- [Exercise] For this exercise, retype every record below exactly and keep the pictures out.

- [Source data]
◆ ◆ ◆ ◆ ◆

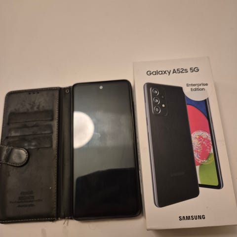 Samsung Galaxy A-53 mobiltelefon med 128 GB internminne. Telefonen visas i svart färg och har flera bakre kameror enligt bilderna. Passar för vardaglig användning som samtal, meddelanden, surf och appar. På bilderna syns även ett genomskinligt skyddsfodral som kan ingå om säljaren önskar. Ingen ytterligare information om skärmstorlek eller andra specifikationer är angiven.
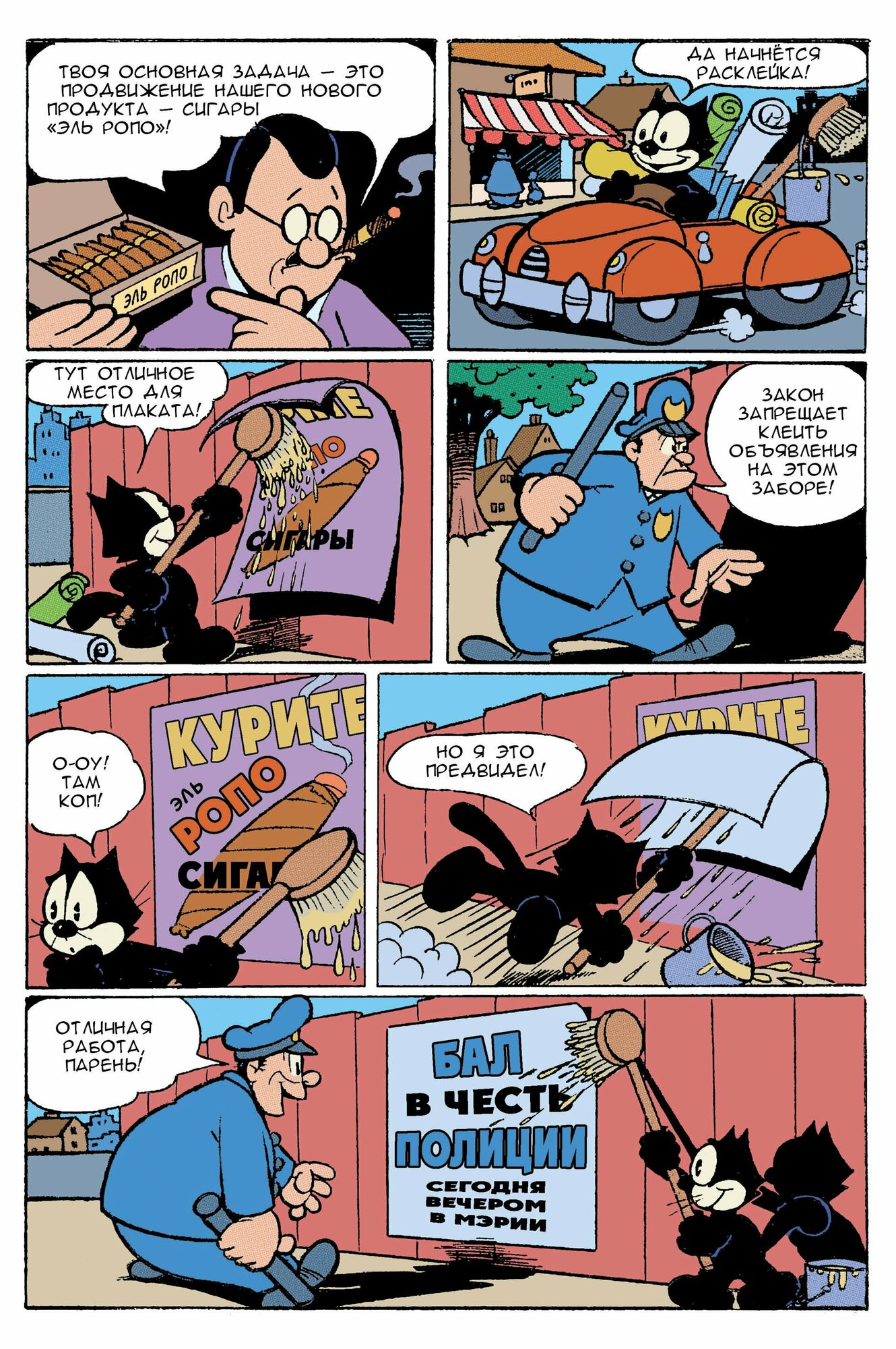 К середине 20-х годов Кот Феликс завладел вниманием зрителей по всему миру, мультики про него смотрели в США, Европе, Азии и Южной Америке. В 1924 году в Англии мягкие игрушки Феликса обогнали по продажам самую известную игрушку того времени — Медвежонка Тедди. Мультфильмы про находчивого кота, который регулярно попадал в нелепые передряги, по известности можно было сравнить разве что с фильмами Чарли Чаплина. Но, как и фильмы Чаплина, немые похождения Феликса не смогли прижиться в новой эре звукового кино, интерес к персонажу постепенно угас. Приключения Феликса, нарисованные Отто Мессмером, продолжались на страницах комиксов. В эту антологию вошли сюжеты двух серий Pat Sullivan’s Felix the Cat от издательства Toby Press и Felix the Cat от Dell Publishing. Читайте впервые на русском!
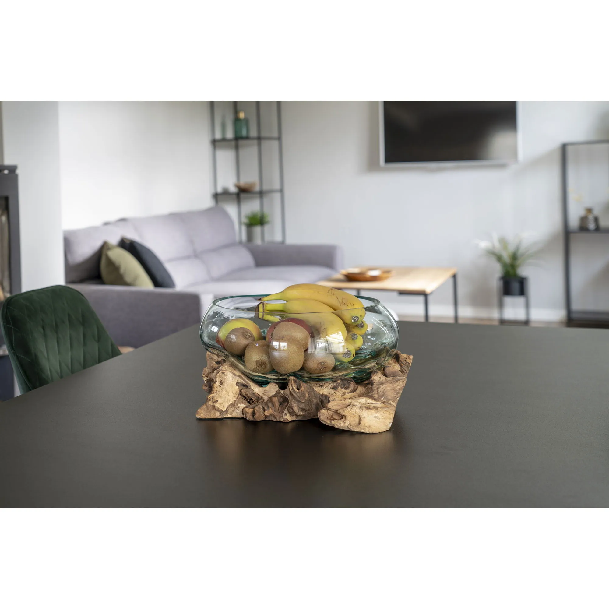 Das San Marino Pflanzengefäß aus Teakholz, Glas, Stahl und Naturalmaterialien ist ein einzigartiges und stilvolles Pflanzgefäß, das durch seine organische Form und hochwertigen Materialien besticht. Dieses Möbelstück vereint modernes Design mit natürlicher Eleganz und wird somit zum Blickfang in jedem Raum. Mit seiner Kombination aus klaren Glaselementen und rustikalem Holz bringt es eine harmonische Atmosphäre in Ihr Zuhause oder Büro.
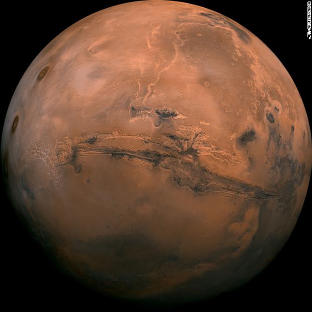 Photos: The best moments on MarsThis perspective of Mars’ Valles Marineris hemisphere from July 9, 2013, is actually a mosaic comprising 102 Viking Orbiter images. At the center is the Valles Marineris canyon system, over 2,000 kilometers long and up to 8 kilometers deep. Hide Caption 5 of 30
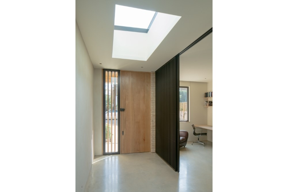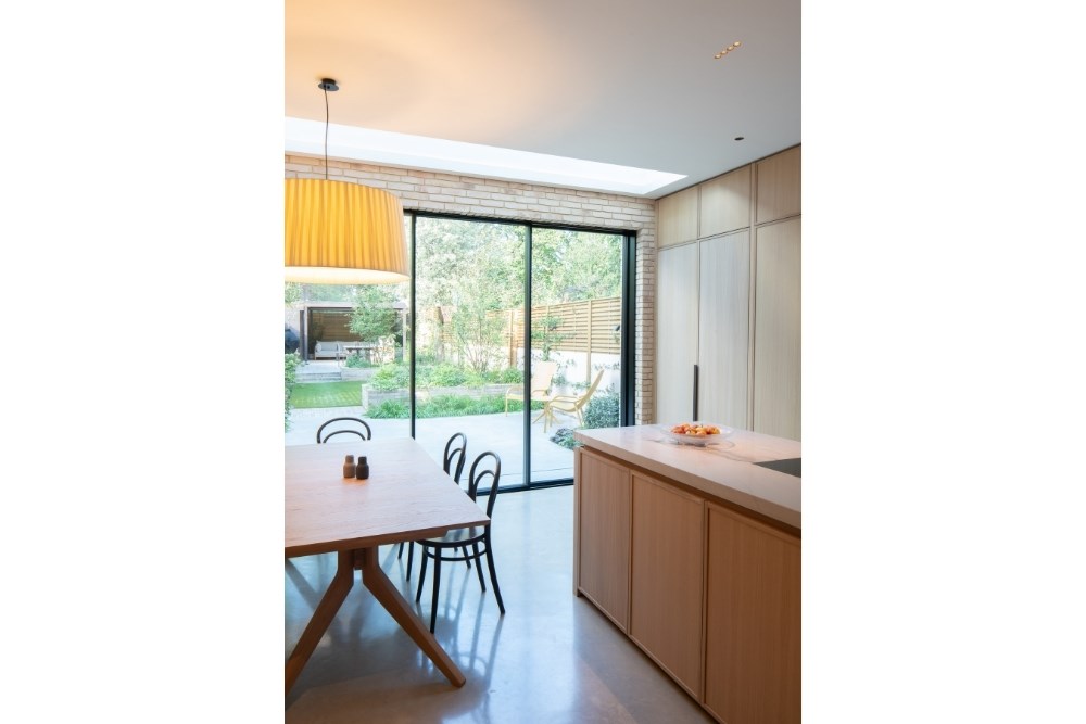 Londra’nın kentsel koruma alanında konumlanan, geleneksel İngiliz sokak dokusuna çağdaş bir yaklaşım getiren modern bir konut projesidir. Zorlu bir izin sürecinin ardından, mevcut müstakil ev yıkılarak yeniden inşa edilmiştir. Bu yenilikçi tasarım, çevresindeki Viktorya dönemi yapılarına saygı gösterirken, caddeye modern bir bakış açısı kazandırmakta ve çevredeki mimari dokuya çağdaş bir dokunuş katmaktadır. Sokak, tarihi süreç boyunca gelişen ve birbirinden farklı tasarım stillerini içeren iki veya üç katlı Viktorya ve Edward dönemi sıra evleri veya müstakil yapılardan oluşmaktadır. Bu binalar, ölçek ve tasarım açısından çeşitlilik gösterse de tuğla detayları, kapı ve pencere işçiliği ortak bir dil oluşturmaktadır. Frame Evi, bu ortak dile uyum sağlayan ve aynı zamanda modern çizgiler sunan bir tasarıma sahiptir.
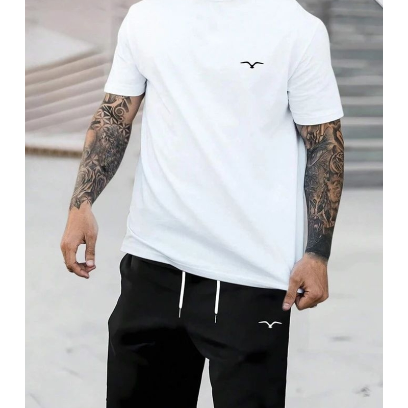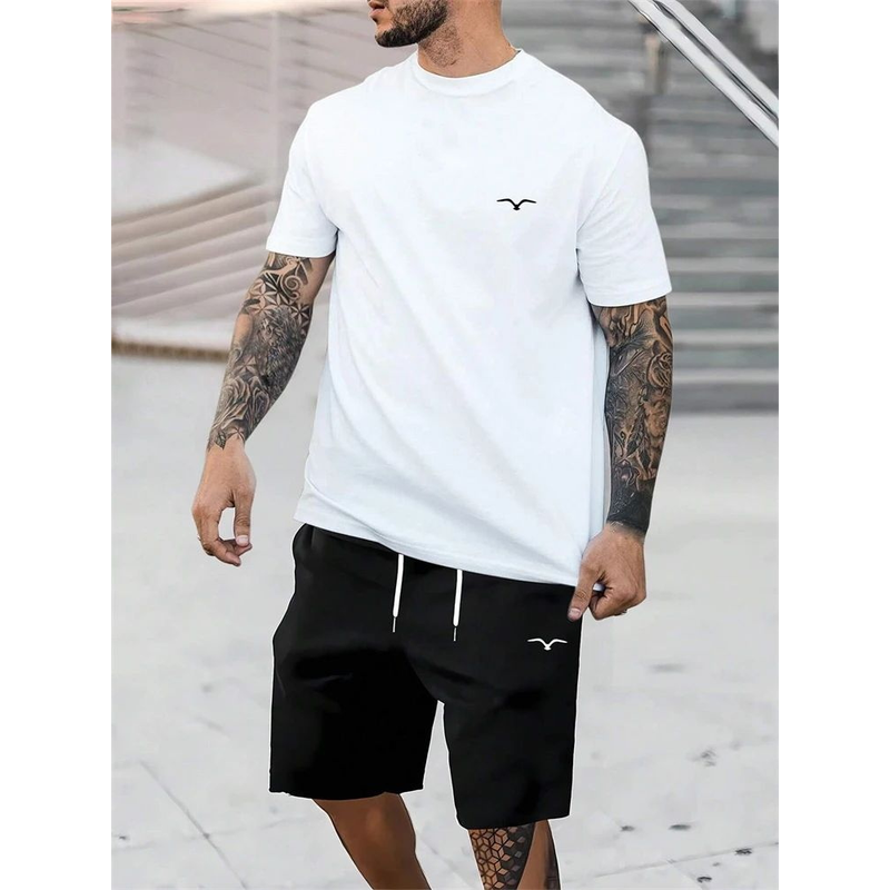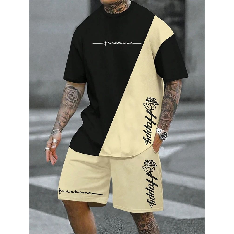 2025 hot selling spliced pattern men's T-shirt round neck short sleeved drawstring shorts outdoor breathable quick drying short

◆ ◆ ◆ ◆ ◆

- [Expected output]
 Samsung Galaxy A-53 mobiltelefon med 128 GB internminne. Telefonen visas i svart färg och har flera bakre kameror enligt bilderna. Passar för vardaglig användning som samtal, meddelanden, surf och appar. På bilderna syns även ett genomskinligt skyddsfodral som kan ingå om säljaren önskar. Ingen ytterligare information om skärmstorlek eller andra specifikationer är angiven.
 К середине 20-х годов Кот Феликс завладел вниманием зрителей по всему миру, мультики про него смотрели в США, Европе, Азии и Южной Америке. В 1924 году в Англии мягкие игрушки Феликса обогнали по продажам самую известную игрушку того времени — Медвежонка Тедди. Мультфильмы про находчивого кота, который регулярно попадал в нелепые передряги, по известности можно было сравнить разве что с фильмами Чарли Чаплина. Но, как и фильмы Чаплина, немые похождения Феликса не смогли прижиться в новой эре звукового кино, интерес к персонажу постепенно угас. Приключения Феликса, нарисованные Отто Мессмером, продолжались на страницах комиксов. В эту антологию вошли сюжеты двух серий Pat Sullivan’s Felix the Cat от издательства Toby Press и Felix the Cat от Dell Publishing. Читайте впервые на русском!
 Das San Marino Pflanzengefäß aus Teakholz, Glas, Stahl und Naturalmaterialien ist ein einzigartiges und stilvolles Pflanzgefäß, das durch seine organische Form und hochwertigen Materialien besticht. Dieses Möbelstück vereint modernes Design mit natürlicher Eleganz und wird somit zum Blickfang in jedem Raum. Mit seiner Kombination aus klaren Glaselementen und rustikalem Holz bringt es eine harmonische Atmosphäre in Ihr Zuhause oder Büro.
 Photos: The best moments on MarsThis perspective of Mars’ Valles Marineris hemisphere from July 9, 2013, is actually a mosaic comprising 102 Viking Orbiter images. At the center is the Valles Marineris canyon system, over 2,000 kilometers long and up to 8 kilometers deep. Hide Caption 5 of 30
 Londra’nın kentsel koruma alanında konumlanan, geleneksel İngiliz sokak dokusuna çağdaş bir yaklaşım getiren modern bir konut projesidir. Zorlu bir izin sürecinin ardından, mevcut müstakil ev yıkılarak yeniden inşa edilmiştir. Bu yenilikçi tasarım, çevresindeki Viktorya dönemi yapılarına saygı gösterirken, caddeye modern bir bakış açısı kazandırmakta ve çevredeki mimari dokuya çağdaş bir dokunuş katmaktadır. Sokak, tarihi süreç boyunca gelişen ve birbirinden farklı tasarım stillerini içeren iki veya üç katlı Viktorya ve Edward dönemi sıra evleri veya müstakil yapılardan oluşmaktadır. Bu binalar, ölçek ve tasarım açısından çeşitlilik gösterse de tuğla detayları, kapı ve pencere işçiliği ortak bir dil oluşturmaktadır. Frame Evi, bu ortak dile uyum sağlayan ve aynı zamanda modern çizgiler sunan bir tasarıma sahiptir.
 2025 hot selling spliced pattern men's T-shirt round neck short sleeved drawstring shorts outdoor breathable quick drying short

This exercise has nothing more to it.